FIG. 1 is a schematic configuration diagram showing an antenna device according to an embodiment of the present invention, FIG. 2 is a schematic sectional configuration diagram showing each element antenna used in the antenna device of FIG. 1, and FIG.
1 is a schematic configuration diagram showing a feeding circuit used in the antenna device of FIG. 1, and FIG. 4 is a schematic configuration diagram showing a conventional antenna device. In the figure, 7 ... Antenna device, 10 ... Ground conductor plate, 11
...... Radiation conductor plate, 12 ...... Coaxial connector, 13 ...... Inner conductor, 14
...... 2 distributors, 15 …… 3 distributors, 16 …… I / O terminals, 61
〜66 …… Element antenna, SW1 ～ SW12 …… Switch,
P1 to P6 ... Fixed phase shifters. In the drawings, the same reference numerals indicate the same or corresponding parts.
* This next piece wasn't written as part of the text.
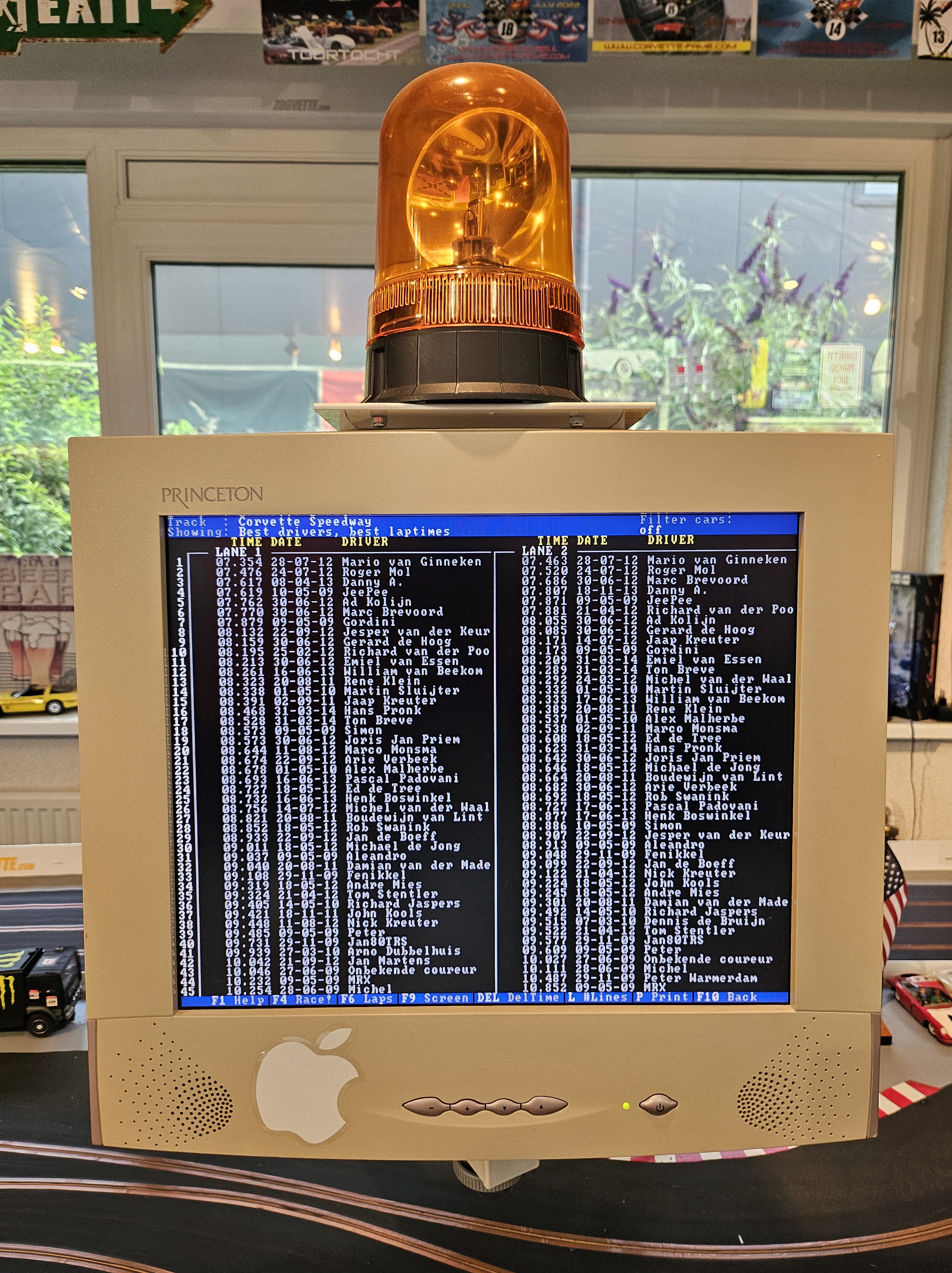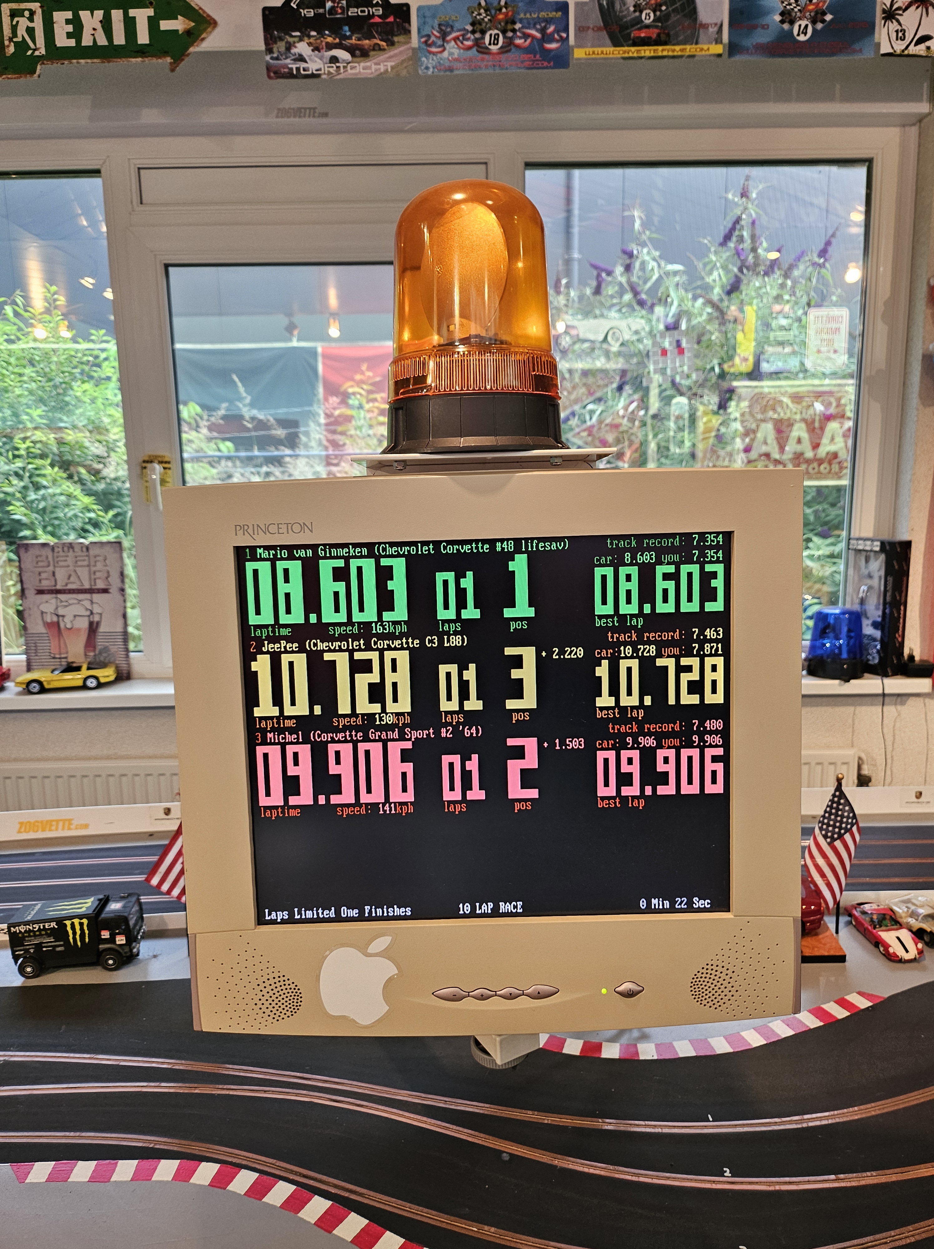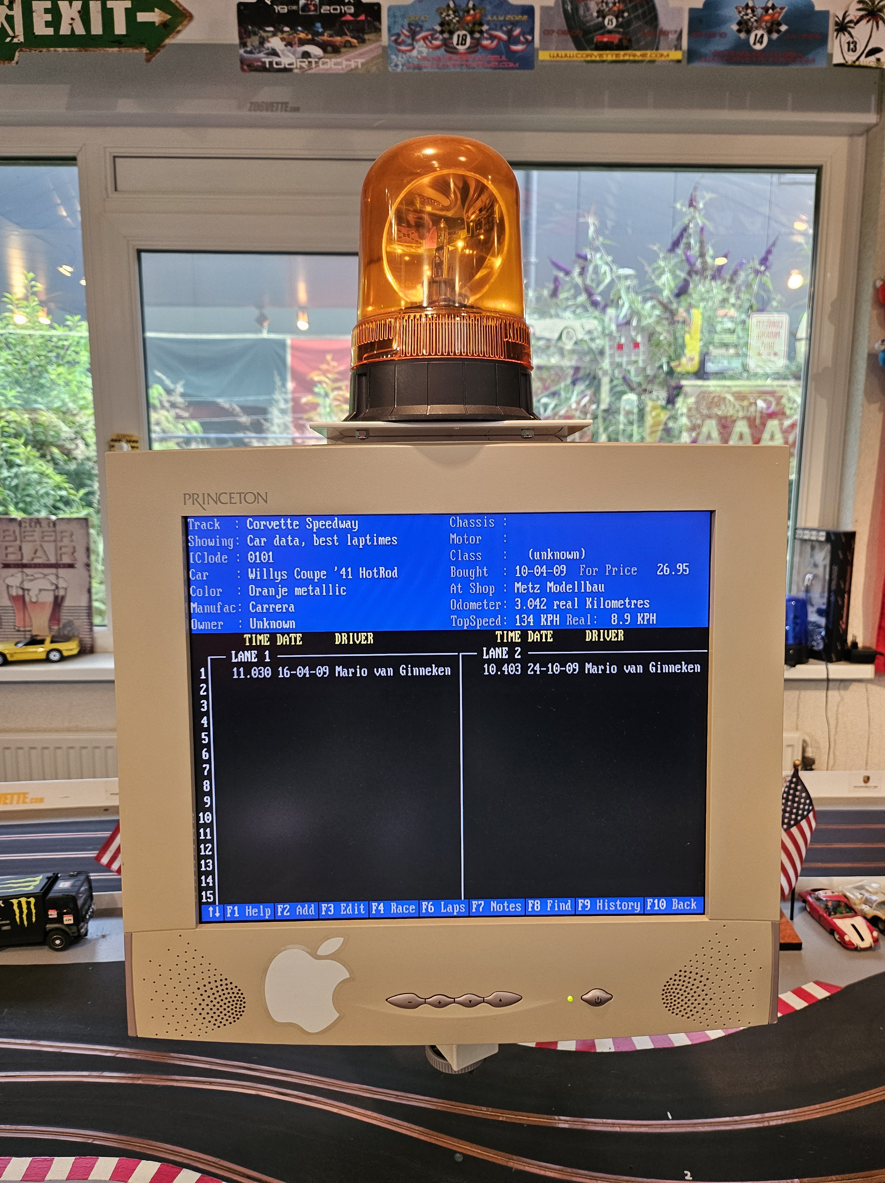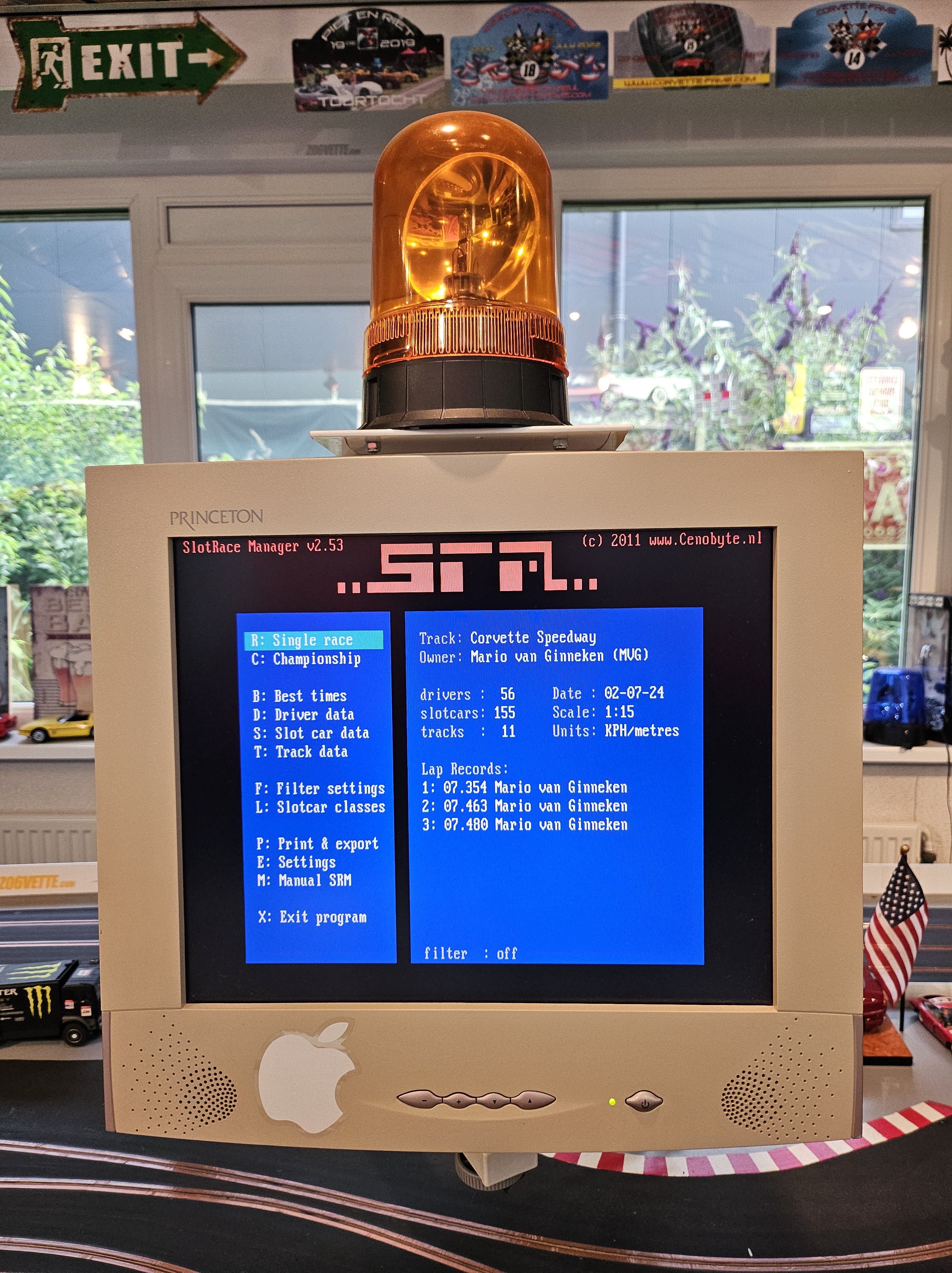 Tijdmeting gaat middels optische sensoren op de start/finish (vierkante blokjes in de baan) en wordt bijgehouden door een oude 80486 PC die op MS-DOS draait en op duizendsten van seconden de rondetijden bijhoudt en opslaat. De “Slot Race Manager” software hiervoor heb ik lang geleden geschreven in Quickbasic en Foxpro en bevat alle auto’s in de collectie en alle coureurs die op de baan racen, inclusief hun beste prestaties. Ook maakt deze software het mogelijk om een kampioenschap op te zetten met meerdere deelnemers of om gewoon lekker een race te rijden. Een door de computer aangestuurd zwaailicht geeft start en einde van een race aan.

 ─────────────────────────────────────────────────── ─── Continuation of the front page (72) Masaru Numazaki 5-1-1, Ofuna, Kamakura-shi, Kanagawa Mitsubishi Electric Corporation Information & Electronics Laboratory (72) Inventor Takayoshi Furuno 325 Kamimachiya, Kamakura-shi, Kanagawa Mitsubishi Electric Kamakura Manufacturing Co., Ltd. (72) Inventor Yoshiyuki Chatani 325 Kamimachiya, Kamakura City, Kanagawa Prefecture Mitsubishi Electric Co., Ltd. Kamakura Manufacturing (56) Reference JP 61-171203 (JP, A) (JP, U)

Claims (1)

[Claims] 1. An antenna device comprising a plurality of element antennas arranged, wherein the element antenna comprises a ground conductor plate and a conductor plate provided in parallel with the ground conductor plate.
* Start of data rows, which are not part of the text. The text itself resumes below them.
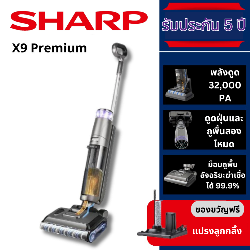 ... ry mop Vacuum (X9 PREMIUM)เครื่องดูดฝุ่นถูพื้นเปียกและแห้งไร้สาย ✅️แรงดูดทรงพลัง สูงถึง 12,000 PA ปรับโหมดแรงดูดได้ 2 ระดับ : Low Mode / High Mode ✅️ประหยัดเวลา ไม่เปลืองแรง การันตีความสะอาด ปราศจากฝุ่นและคราบสกปรกอย่างแน่นอน ✅️มาพร้อมฟังก์ชั่น Self Cleaning กดปุ่มเดียวล้างทำความสะอาดตัวเครื่องได้เองเสร็จสรรพ ✅️ไม่ต้อออกแรงให้เหนื่อยด้วย Self Driving System ช่วยในการขับเคลื่อนไปด้านหน้า แค่ประคองเครื่องไปในทิศทางที่ต้องการ ประหยัดแรงได้อีกเยอะ ✅️ดูดฝุ่น – ล้าง – ขัดถู ไปพร้อมๆกัน ไม่ว่าจะฝุ่นละออง เศษอาหาร คราบสกปรก ก็ทำความสะอาดได้ในขั้นตอนเดียว ✅️แท๊งค์น้ำดีความจุ 600ml. แท๊งค์น้ำเสียความจุ 650ml. ✅️Micro Fiber Rolling Brush ม๊อบถูพื้นทรงแยมโรล สำหรับดูดซับของแหลวและสิ่งสกปรกออกจากพื้น จะหมุนด้วยความเร็วถึง 70,000 rpm. ช่วยเพิ่มประสิทธิภาพให้สะอาดหมดจดยิ่งกว่าเดิม ✅️Digital Display หน้าจอดิจิตอล คอยบอกสถานะ ขณะเครื่องกำลังทำงาน ✅️Li-Ion Battery 4,000 mAh ใช้งานได้นานจุใจ ✅️Charging Base มีแท่นชาร์จที่ทำให้สามารถจัดเก็บตัวเครื่องและอุปกรณ์อื่นๆ ได้อย่างเป็นระเบียบเรียบร้อย หลังจากใช้งานเสร็จแล้วเพียงวางกลับเข้าแท่นชาร์จ และเสียบสายชาร์จก็เป็นอันเสร็จสิ้นขั้นตอนการชาร์จแบตเตอรี่ ✅️Hepa Filter กรองฝุ่นได้ละเอียดแม้ไรฝุ่นก็ไม่เล็ดลอด ✅️รับประกันมอเตอร์ 2 ปี (ตัวเครื่อง 1ปี) 📣 Self Cleaning System ฟังก์ชั่นล้างทำความสะอาดตัวเครื่องอัตโนมัติ เพียงกดปุ่ม Self-Cleaning ค้าไว้ 3 วินาที เครื่องก็จะเข้าสู่โหมดล้างทำความสะอาดตัวเอง โดยการฉีดน้ำล้างแปรงและช่องดูดสิ่งสกปรก จากนั้นจะเพิ่มความเร็วในการหมุนหัวแปรง เพื่อปั่นให้หัวแปรงและผ้าถูแห้งหมาด 📣 Self Driving System ระบบแรงขับเคลื่อนไปด้านหน้า ที่จะช่วยให้เราไม่ต้องแบกรับน้ำหนักของตัวเครื่อง เพียงแค่เราประคองที่ด้ามจับแล้วบังคับไปในทิศทางที่ต้องการทำความสะอาด ออกแบบมาเพื่อรองรับการใช้งานให้ครอบคลุมสำหรับทุกเพศ ทุกวัย
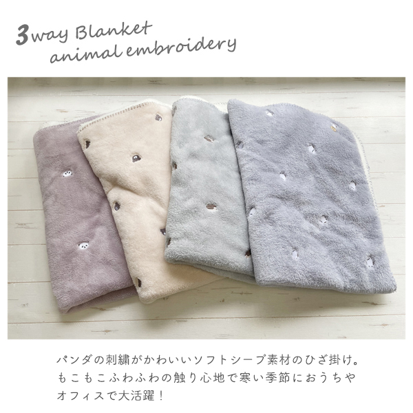 ブランケット ひざ掛け おしゃれ パンダ 暖かい ベビーカー 可愛い もこもこ 3way 70×100cm 刺繍 パンダ 冬 プレゼント ゆうパケット不可
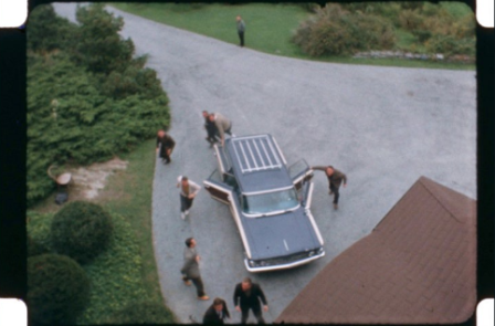 La Directora Jackie Kennedy pide a una decena de agentes del Servicio Secreto que corran hacia la casa principal de la granja y reaccionen como si acabaran de escuchar disparos. Allí dentro encuentran al Presidente tirado en el suelo en el vestíbulo con salsa ketchup como sangre falsa.
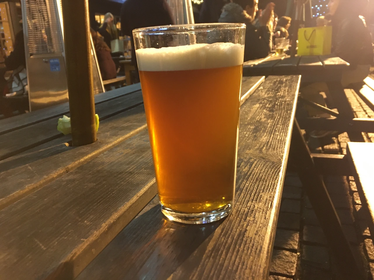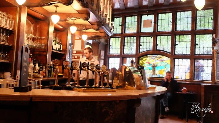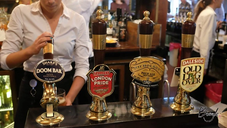애초 계획은 내부에서 식사를 하는 것이었다. 예약을 안 받는 곳이라 웨이팅을 해야 했지만 연말이라 이미 만석이었다. 빠른 포기는 편한 법, 우리는 야외에서 맥주를 즐기며 여독을 풀기로 했다. 맥주를 주문하기 위한 카운터는 건물 1층 오른쪽에 있었다. 영국 펍에서는 카운터에서 돈을 지불한 후, 직접 맥주를 가져와야 한다. 독일과 달리 따로 잔 보증금을 요구하지는 않는다.
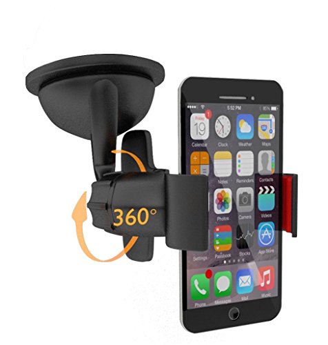 Car Phone Mount Holder - Universal Design for Apple iPhone 6 / iPhone 6 Plus, Samsung Galaxy S5, Note 4, Compatible with Most Smartphone / Cell Phone Models - Strong Suction To Safely Fix Mount to Windshield - AT&T, Verizon, Sprint - Easy to Assemble
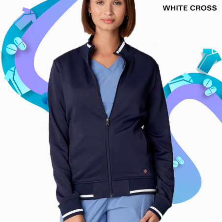 Chamarra White Cross, su tela combina elasticidad y resistencia a la decoloración. Manténte cómoda y con estilo en todo momento.

A feeding circuit for feeding power to each of the element antennas by using a capacitor antenna having substantially non-directional radiation characteristics in a plane parallel to the ground conductor plate and arranging a plurality of the conductor plates on the same plane. By providing a plurality of fixed phase shifters, switches and distributors, all of the element antennas are always operated, and the radiation beam is switched in a plurality of directions in a plane parallel to the ground conductor plate. An antenna device mounted on a body, comprising: a dielectric body that is attached to the ground conductor plate and holds the conductor plate; and a coaxial plug seat that is attached to the ground conductor plate. A movable body mounting antenna device, wherein a conductor penetrates through the inside of the dielectric and is connected to the conductor plate.